How to Use Feature Importance Flashcards
WHAT ARE THE 3 MAIN TYPES OF MORE ADVANCED FEATURE IMPORTANCE? P209
1-Feature importance from model coefficients (a crude method)
2-Feature importance from decision trees
3-Feature importance from permutation testing
IN WHICH MODELS CAN WE USE COEFFICIENTS AS FEATURE IMPORTANCE? P210
Linear machine learning algorithms fit a model where the prediction is the weighted sum of the input values. Examples include linear regression, logistic regression, and extensions that add regularization, such as ridge regression, LASSO, and the elastic net.

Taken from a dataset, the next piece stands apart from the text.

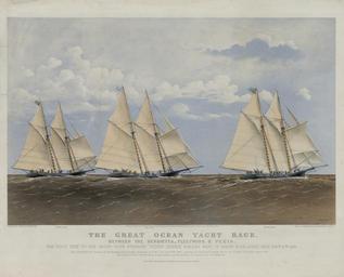 | Keywords: Yachts Henrietta, Fleetwing & Vesta.jpg The Great Ocean Yacht Race Between Henrietta Fleetwing Vesta by Charles Parsons; an 1867 Currier Ives lithograph LOC-image pga 00436 1867 Creator Charles Parsons artist Charles R Parsons artist Currier Ives publisher PD-old-100 unknown Currier and Ives marine lithographs Sailing yachts of the United States New York Yacht Club Charles Parsons artist Gaff rigged schooners Henrietta ship 1861 Fleetwing ship 1865 | ||||

WHAT ATTRIBUTE DO WE USE TO GET COEFFICIENT FROM MODELS THAT HAVE IT? (REGRESSION AND CLASSIFICATION) WHAT ASSUMPTION DOES IT MAKE? P210
coef_ (for regression) coef_[0] (for classification)
It assumes that input variables are on the same scale.
WHAT DO POSITIVE/NEGATIVE COEFFICIENT SCORES INDICATE IN A CLASSIFICATION PROBLEM? P212
Negative: indicate a feature that predicts class 0/ Positive: indicate a feature that predicts class 1
HOW DOES DECISION TREE IMPORTANCE SCORES THE FEATURES? P213
Based on the reduction in the criterion used to select split points, like Gini or entropy.
WHICH MODELS CAN USE DECISION TREE FEATURE IMPORTANCE? P213
Classification and Regression trees (CART), Ensemble Decision Trees (Random Forest, Stochastic Gradient Boost, Extra Trees)
WHICH ATTRIBUTE OF CART ALGORITHMS IS USED FOR FEATURE IMPORTANCE SCORING? P213
feature_importances_
WHAT IS PERMUTATION FEATURE IMPORTANCE? P220
Permutation feature importance is a technique for calculating relative importance scores that is independent of the model used.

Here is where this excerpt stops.